■ Problem to work on
Repeat only these lines, exactly: the first line of the data, the line containing "4. The White", and every line between them. Pictures stay out.

■ Supplied material
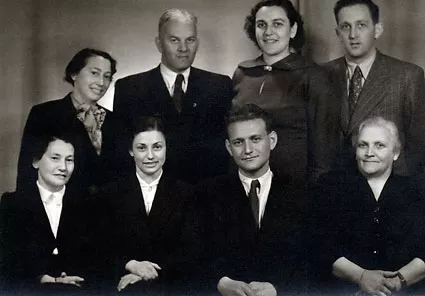 This my brother Rudolf's wedding in 1952 in Bratislava. In the bottom row, from right to left: our mother, my brother Rudolf, his wife and his wife's mother. Standing in the upper row, from the right to the left are my older brother Andrej, then I, Ruzena, standing beside me is uncle and then an aunt of my brother's wife.
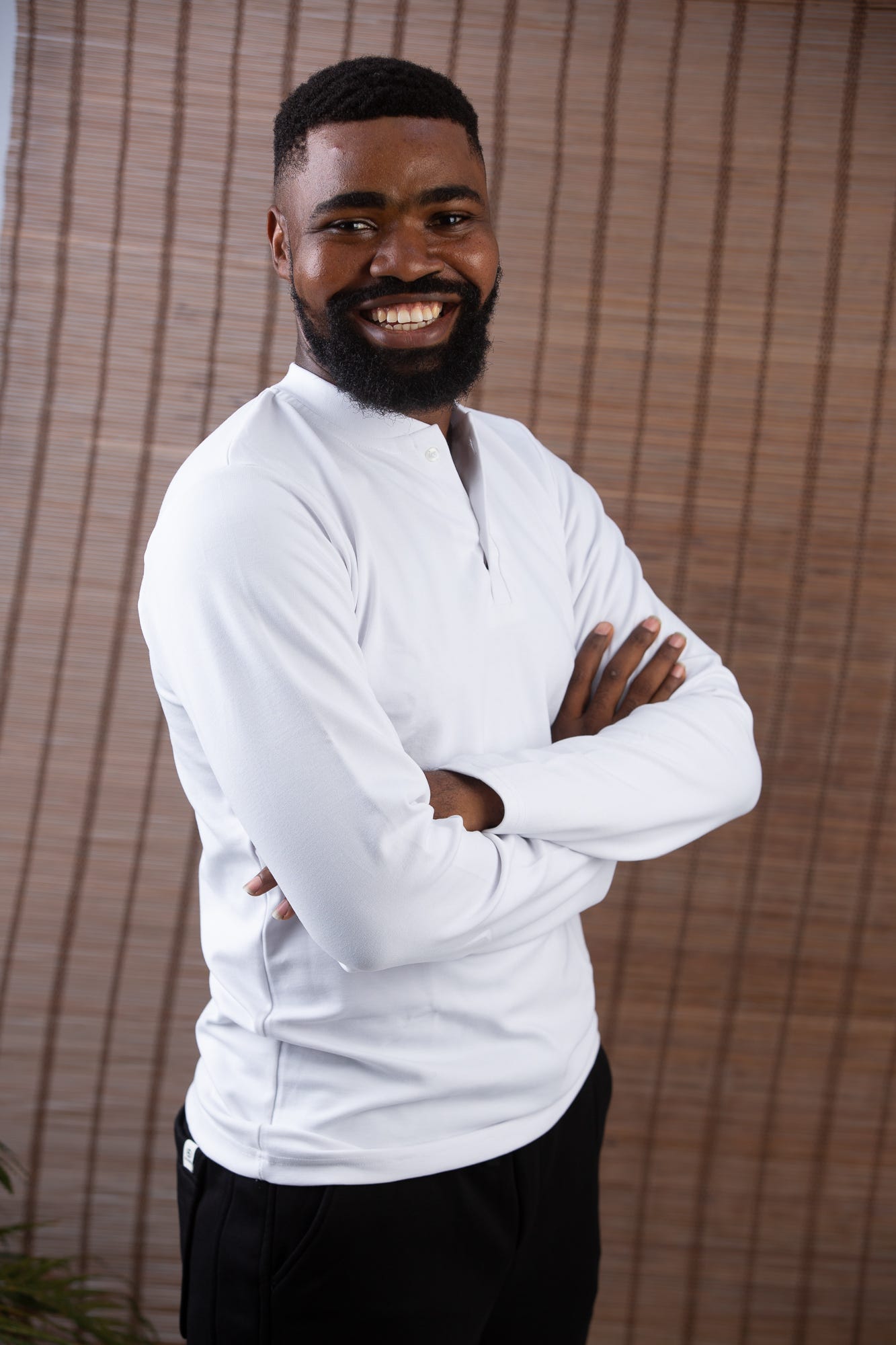 4. The White Long Sleeve Polo – For Bar Hangouts & After-Hours Moves
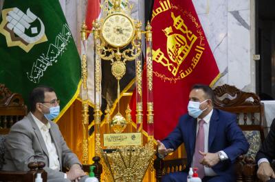 Baada ya kufanya ibada ya ziara na kusoma dua Mheshimiwa waziri amekutana na katibu mkuu wa Atabatu Abbasiyya tukufu Mhandisi Muhammad Ashiqar, aliye eleza mkakati wa afya ulioandaliwa na Atabatu Abbasiyya katika ziara ya Shaábaniyya, pamoja na kueleza hatua zinazofanywa na Atabatu Abbasiyya katika kusaidia taasisi za afya zilizo chini ya serikali katika vita ya kupambana na maambukizi ya virusi vya Korona, ikiwa ni pamoja na kujenga vituo vya kuhudumia watu walio ambukizwa virusi vya Korona kwenye mikoa tofauti, na misafara ya kupuliza dawa, ambayo bado inaendelea, pamoja na mambo mengine mengi.
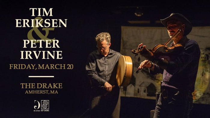 DSP Shows Presents: Tim Eriksen & Peter Irvine Friday, March 20, 2026 The Drake | Amherst, MA Tim Eriksen is a songwriter whose work has been covered by Alison Krauss, Bonny “Prince” Billy and Joan Baez, a ballad singer given the Jean Ritchie Musical Heritage Award by Ritchie herself, a prominent shapenote singer whose work appears in The Sacred Harp and a hardcore punk musician with a degree in South Indian veena. The long collaboration between Eriksen and percussionist Peter Irvine has included Bosnian ensemble Žabe I Babe and folk/noise trio Cordelia’s Dad, the only band to have appeared with both Doc Watson and Nirvana. In April 2026 Eriksen and Irvine will see the release of their first duo album on the audiophile label Soundkeeper Recordings. Absence and her sister is a dreamstate exploration of new and traditional music from an imaginary New England village. Eriksen’s film work includes the Oscar winning Cold Mountain and 2023 indie-horror phenomenon The Outwaters. His live performances bring together a range of sounds from his multiple musical lives: traditional banjo, fiddle and song from New England and southern Appalachia, family music from ex-Yugoslavia, moments tinged with punk rock, new music for his one-of-a-kind fretless bajo sexto and songs for fretless banjo written for his collaboration with pianist Omar Sosa in a follow up to their twice GRAMMY nominated 2009 album Across The Divide. Tim Eriksen is: --“otherworldly”- Barbara Kingsolver --“the best ballad singer of his generation”- BBC Radio 2 --“loud”- The New York Times

■ Reply to the task
 This my brother Rudolf's wedding in 1952 in Bratislava. In the bottom row, from right to left: our mother, my brother Rudolf, his wife and his wife's mother. Standing in the upper row, from the right to the left are my older brother Andrej, then I, Ruzena, standing beside me is uncle and then an aunt of my brother's wife.
 4. The White Long Sleeve Polo – For Bar Hangouts & After-Hours Moves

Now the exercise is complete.